I guess in summary I would say that I am so glad that we toughed it out at food school. I was very near pulling the plug on the whole thing a couple of months ago. Lemon was sick constantly, and it didn't seem to be helping at all. The only thing that kept me in it was the realization that once he starts kindergarten (which runs 8:30-3:30 here in Madison), we would not be able to do it anymore, so this year was our only shot. And that constraint kept me from making what would have been, in retrospect, a big mistake. Although, if we had quit, we would never have known that it _could_ have helped him, and the decision to quit would have seemed totally justified.

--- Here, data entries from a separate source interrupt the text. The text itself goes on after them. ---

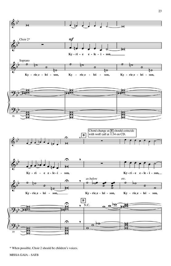Now available for the first time in print! The Paul Winter Missa Gaia (Earth Mass) was first performed in 1981 in the New York's Cathedral of St. John the Divine and is a contemporary ecumenical celebration of the Earth. Featuring the Consort's signature lyrical melodies with African, Brazilian and American gospel traditions it interweaves wolf, whale and harp seal voices with those of the choir. May be performed in both liturgical and concert settings. Publications available: SATB score, Sound Cues CD (animal voices) and Instrumental Score and Parts for Soprano Sax, Oboe/English Horn, Cello, Piano, Organ, Guitar, Bass and Percussion. Total Performance Time: Approx. 36 minutes.
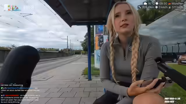 00:07:52Die Streamerin berichtet von einem seltsamen Vorfall, bei dem ein Mann sie aus dem Auto heraus ansprach und sie sich unwohl fühlte. Sie erklärt, dass sie Trockeneis in ihrer Kühlbox hat, um das Essen während der Tour frisch zu halten. Sie spricht über ihre Streaming-Routine und die Herausforderungen, täglich zu streamen. Es folgt ein humorvoller Moment, als sie versucht, ein Airdrop-Sandwich zu öffnen und feststellt, dass sie das Wort "Schere" zu oft benutzt. Sie bemerkt, dass ihr Ohrring fehlt und vermutet, dass er gestohlen wurde. Sie präsentiert ihr Fahrrad, ein rosa Gravelbike, und betont, wie schnell sie damit unterwegs ist. Sie erwähnt, dass sie bereits Bikerbräune bekommt und ihre Oberschenkelmuskeln trainiert sind. Sie spricht über ihre Vorliebe für Story-basierte Spiele wie The Witcher 3 und Stardew Valley und lobt die Dialoge und Kampfmechaniken in The Witcher 3, kritisiert aber die Art, wie Plötze reitet. Sie erzählt von ihrer vergeblichen Suche nach ihrer zweiten Kamera und entschuldigt sich für die Verspätung. Sie erwähnt, dass ihr Reisepass in Hongkong gestohlen wurde und nun im Fundbüro in München liegt, was sie als verrückt und zufällig bezeichnet. Sie vermutet, dass der Ausweis für illegale Zwecke genutzt wurde, da er erst nach einem halben Jahr wieder aufgetaucht ist.
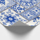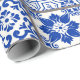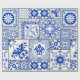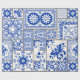 Seamless patchwork tile with Victorian motives. Majolica pottery tile, blue and white azulejo, original traditional Portuguese and Spain decor. Vintage
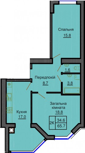 2-Х КІМНАТНА КВАРТИРА 65.70 М/КВ
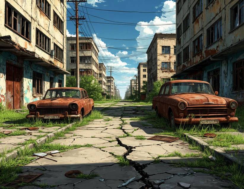 Дверь за мной закрылась, и в тот же миг стены полигона поплыли, исчезая, а вместо них начали появляться очертания зданий и улиц. Не прошло и минуты, как я оказался посреди городка, явно знавшего когда-то лучшие времена. Он выглядел заброшенным и пустынным. Выбитые оконные стёкла, трава, растущая сквозь трещины в асфальте, потускневшие советские лозунги, ржавые автомобили, покосившиеся фонарные столбы, оборванные провода. Прямо город-призрак!

This theme is something that I feel like we come up against all the time in CF. We are trying something, and it doesn't seem to be working, or at least not working very well, and then we need to decide whether to keep trying it, or to stop and try something else, or to keep doing the thing that doesn't seem to be doing anything, just in case it is doing something, but then adding something else on top. It is a maddening way to try and make decisions, especially decisions with long-term implications for your kid's health. It's so rare to try something and get an immediate and clear read-out that it worked. I think that's happened to us twice, once with Cayston and once with ursodiol. Everything else has been much murkier.

CF advocacy day is a week from tomorrow, and planning seems to have kicked into high gear. I have a webinar to attend on Friday, and then next Monday night, an in-person training with the other volunteers. I'm really looking forward to it. After spending probably too much time these last weeks reading about the activities of our elected representatives on the internet, I'm so curious to meet a few of them in the flesh!